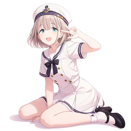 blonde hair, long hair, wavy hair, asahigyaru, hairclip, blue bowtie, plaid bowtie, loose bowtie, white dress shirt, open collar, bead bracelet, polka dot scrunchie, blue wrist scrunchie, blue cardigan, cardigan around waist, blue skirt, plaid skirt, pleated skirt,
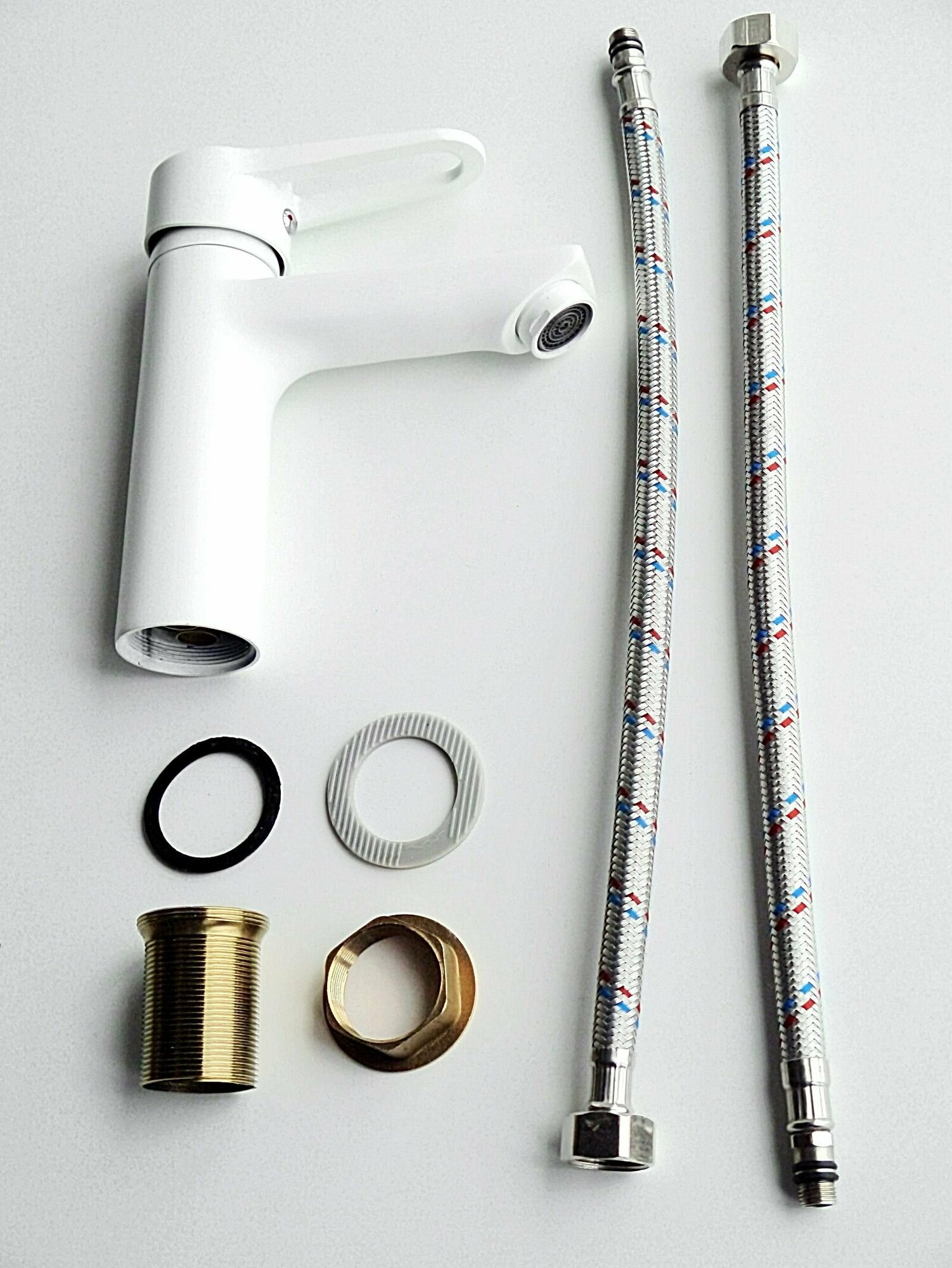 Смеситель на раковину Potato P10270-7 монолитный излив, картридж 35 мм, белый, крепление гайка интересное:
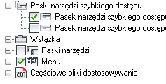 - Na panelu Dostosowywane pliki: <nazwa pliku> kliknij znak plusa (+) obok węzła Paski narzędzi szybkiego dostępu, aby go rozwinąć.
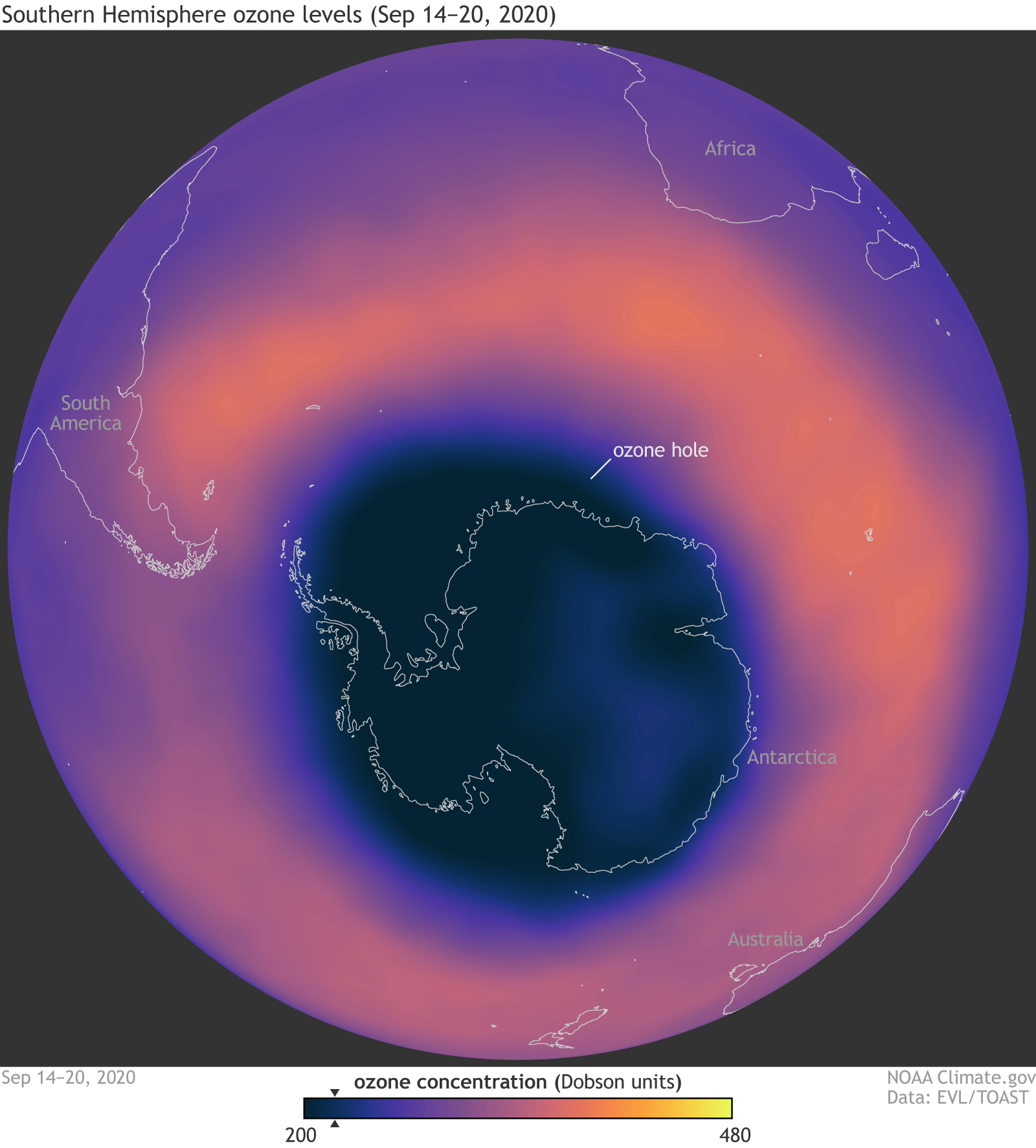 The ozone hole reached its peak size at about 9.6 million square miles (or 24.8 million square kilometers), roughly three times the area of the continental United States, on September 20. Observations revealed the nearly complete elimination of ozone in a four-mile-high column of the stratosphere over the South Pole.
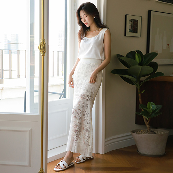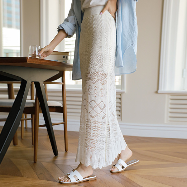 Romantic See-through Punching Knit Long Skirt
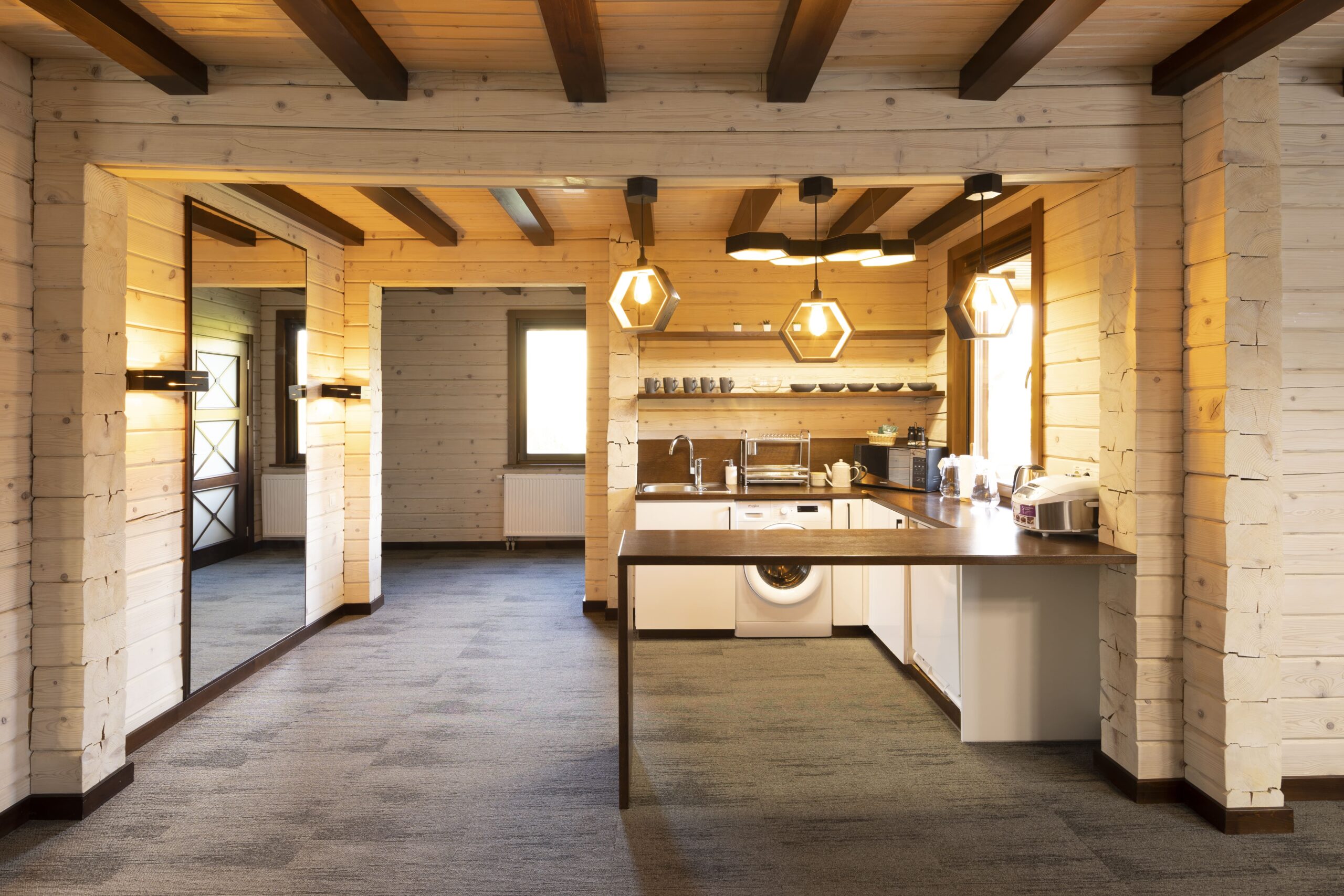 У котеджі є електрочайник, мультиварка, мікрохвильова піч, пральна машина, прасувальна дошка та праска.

...

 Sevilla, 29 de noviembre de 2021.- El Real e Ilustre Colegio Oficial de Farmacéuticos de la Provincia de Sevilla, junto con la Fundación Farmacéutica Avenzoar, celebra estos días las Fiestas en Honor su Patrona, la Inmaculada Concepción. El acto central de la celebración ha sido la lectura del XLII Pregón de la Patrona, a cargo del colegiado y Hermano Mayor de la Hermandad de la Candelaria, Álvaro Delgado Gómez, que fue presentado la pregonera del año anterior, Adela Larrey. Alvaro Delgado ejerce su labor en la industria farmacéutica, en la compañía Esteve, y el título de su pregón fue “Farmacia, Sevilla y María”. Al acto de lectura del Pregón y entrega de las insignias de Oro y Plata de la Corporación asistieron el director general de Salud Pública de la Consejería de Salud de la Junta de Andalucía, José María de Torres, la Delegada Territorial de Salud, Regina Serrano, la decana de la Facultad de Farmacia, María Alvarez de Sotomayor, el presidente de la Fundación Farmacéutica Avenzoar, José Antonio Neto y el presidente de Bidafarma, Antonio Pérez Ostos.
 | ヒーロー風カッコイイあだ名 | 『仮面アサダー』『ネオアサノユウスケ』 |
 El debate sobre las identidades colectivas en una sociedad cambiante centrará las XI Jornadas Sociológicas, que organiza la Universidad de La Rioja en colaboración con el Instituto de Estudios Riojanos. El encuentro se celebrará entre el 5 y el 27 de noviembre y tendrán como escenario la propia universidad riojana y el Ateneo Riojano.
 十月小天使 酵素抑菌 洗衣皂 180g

---

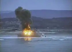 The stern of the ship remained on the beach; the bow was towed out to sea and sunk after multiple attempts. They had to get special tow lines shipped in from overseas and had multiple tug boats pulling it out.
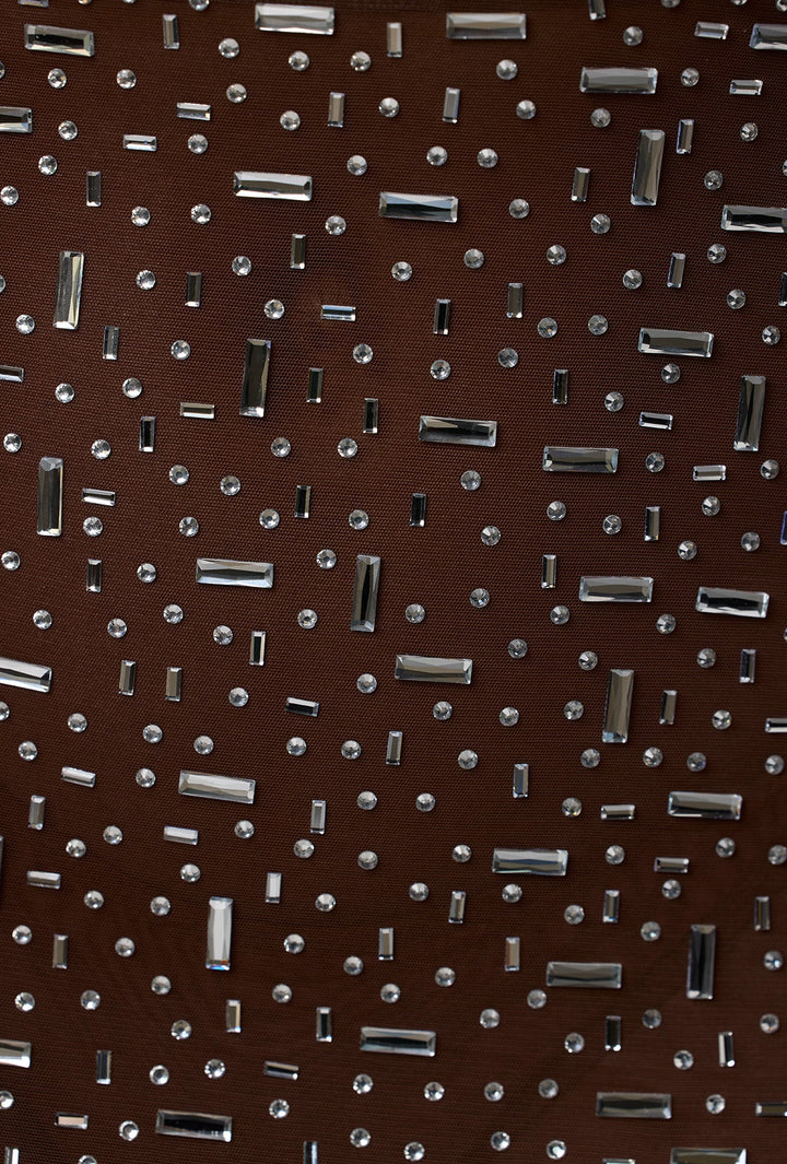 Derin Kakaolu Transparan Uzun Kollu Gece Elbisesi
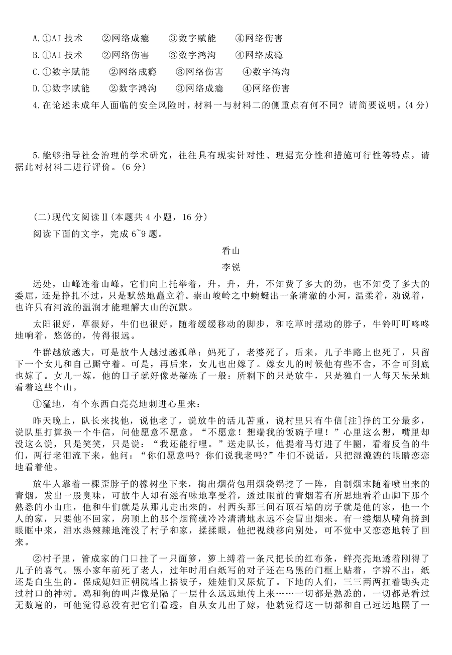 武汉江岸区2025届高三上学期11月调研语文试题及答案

What you have to do ::
Everything from the line above that contains "Смеситель на раковину" down to the line that contains "У котеджі є" must be reproduced exactly, both ends included. Omit the pictures.

Task response ::
 Смеситель на раковину Potato P10270-7 монолитный излив, картридж 35 мм, белый, крепление гайка интересное:
 - Na panelu Dostosowywane pliki: <nazwa pliku> kliknij znak plusa (+) obok węzła Paski narzędzi szybkiego dostępu, aby go rozwinąć.
 The ozone hole reached its peak size at about 9.6 million square miles (or 24.8 million square kilometers), roughly three times the area of the continental United States, on September 20. Observations revealed the nearly complete elimination of ozone in a four-mile-high column of the stratosphere over the South Pole.
 Romantic See-through Punching Knit Long Skirt
 У котеджі є електрочайник, мультиварка, мікрохвильова піч, пральна машина, прасувальна дошка та праска.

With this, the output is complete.